Onu düşünmek bile karnıma kramplar girmesine neden olurken canımı sıkan bu durum yüzüme de yansımıştı. Kaşlarım çatılırken adımlarımı kendi fakültemin bulunduğu binaya yönlendirdim. Adımlarımı daha da hızlandırıp binadan içeriye girdim. Ellerimi ceplerimden çıkartıp birbirine sürterken, koridordaki duvarlara afiş asan Orhan ve Ahmet'i gördüğümde yanlarına gittim. 

''Merhaba arkadaşlar. Ne var ne yok?'' 

''Merhaba Tufan yoldaş. Okul açıldığından beri sol düşünceye yatkın birkaç arkadaşla tanıştık, kendi bünyemize çekmeye çalışıyoruz. Onun dışında fakültelerde bildiri falan dağıtıyoruz, koridor duvarlarına afişler asıyoruz.'' dedi Orhan. 

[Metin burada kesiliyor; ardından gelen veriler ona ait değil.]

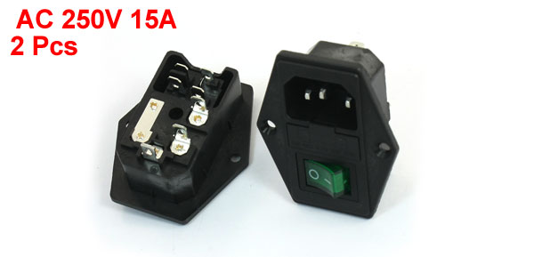 Product Name Power Socket Plug Type IEC320 C14 Voltage & Current 15A 250V AC Light Color Green Rocker Switch Type 4Pin DPST Fit Fuse Size 5 x 20mm/ 0.2" x 0.79" (L*W) Total Socket Size 5.8 x 4.8 x 3.3cm/2.3" x 1.9" x 1.3"(L*W*T) Mount Size 4.8 x 2.7cm/1.9" x 1"(L*W) Material (External) Plastic, Metal Main Color Silver Tone, Black Weight 52g Package Content 2 x Power Socket w Fuse Holder w Rocker Switch

Kafamı sallayarak, ''İyi, güzel.'' dedim. ''Herhangi bir sıkıntı çıkaran yok, değil mi?'' 

''Arada oluyor ama zor kullanmamıza gerek kalmadan sorunları çözüyoruz. Sağ kesim değil de bizim sol kesimin farklı fraksiyonlarındakiler çok kafa tutuyorlar bize.'' 

Elimi havaya savurarak, ''Onların bizden başka ne işi olur? Şerefsizler bizle uğraşmakla kafayı bozdukları için bir arpa boyu kadar yol alamadılar, hala aynı yerde sayıyorlar.'' dedim.  

''Aynen öyle Tufan arkadaş. Kene gibi yapışıp kanımızı emmeye çalışıyorlar.'' diyerek sohbete dahil oldu Ahmet. 

''Biz yine de çizgimizden şaşmayalım. Bunlar gibi ufak pürüzleri kafaya takmamalı, büyük pürüzlere odaklanmalıyız.'' dediğimde ikisi de beni onaylarcasına kafasını salladı. 

Orhan, yerdeki yapıştırıcı kovasına fırça daldırıp duvara sürmeye başladığında konuşmaya başladı. ''Haklısın. Geçen gün polisler, bizim Mustafa'ları kahvehanede paket etmişler. Üzerlerinde Mao'nun, Stalin'in kitapları çıkınca da direkt işkenceye tabi tutmuşlar. Çocukların kırılmadık kemikleri kalmamış.'' dediğinde büyük bir üzüntü hissetmiştim. Mustafa'yla herhangi bir dostluğum olmamasına rağmen uğradıkları faşist zulmüne karşı tepkisiz kalabilmek mümkün değildi. 

''Yazık olmuş. Umarım bir an önce iyileşip tekrardan aramıza katılırlar. Mutlaka o faşistlerden de bunun hesabı sorulur.'' 

Ahmet'in kucağındaki afişlerden birini alan Orhan, yapıştırıcı sürdüğü kısma afişi dikkatle yapıştırdıktan sonra bana döndü. ''Elbette soracağız Tufan arkadaş. İntikam almayı sevmeyiz ama ödeşmek de adettendir.'' dediğinde kocaman sırıttım. 

Sol kolumu kaldırarak bileğimdeki saate bakıp, ''Neyse beyler, görüşürüz. Derse yetişmem gerekiyor. Kolay gelsin size.'' dedim. 

Bir ağızdan, ''Eyvallah.'' dediklerinde yanlarından uzaklaşmaya başlamıştım bile. Dersliğe doğru yol alırken karşılaştığım yoldaşlarıma kısa bir kafa selamı verip yanlarından geçtim. Koridorun sonunda bulunan dersliğe ulaştığımda arka kapısından içeriye girip herhangi bir yeri gözüme kestirip oraya yerleştim. 

Donuk bakışlarım birkaç öğrencinin olduğu sınıfta turlarken Tebligat Hukuku profesörü olan, nadiren derslerine girdiğim adam derslikten içeriye girdi. Elindeki kalın kitapları ve omzuna astığı postacı çantasını masaya bırakıp yüzümüze bakma tenezzülünde bulunmadan yoklama aldı. Akabinde derse başladığında dirseğimi masaya yaslayarak yüzümü avcumun arasına alıp bakışlarımı tahtanın üzerinde tuttum.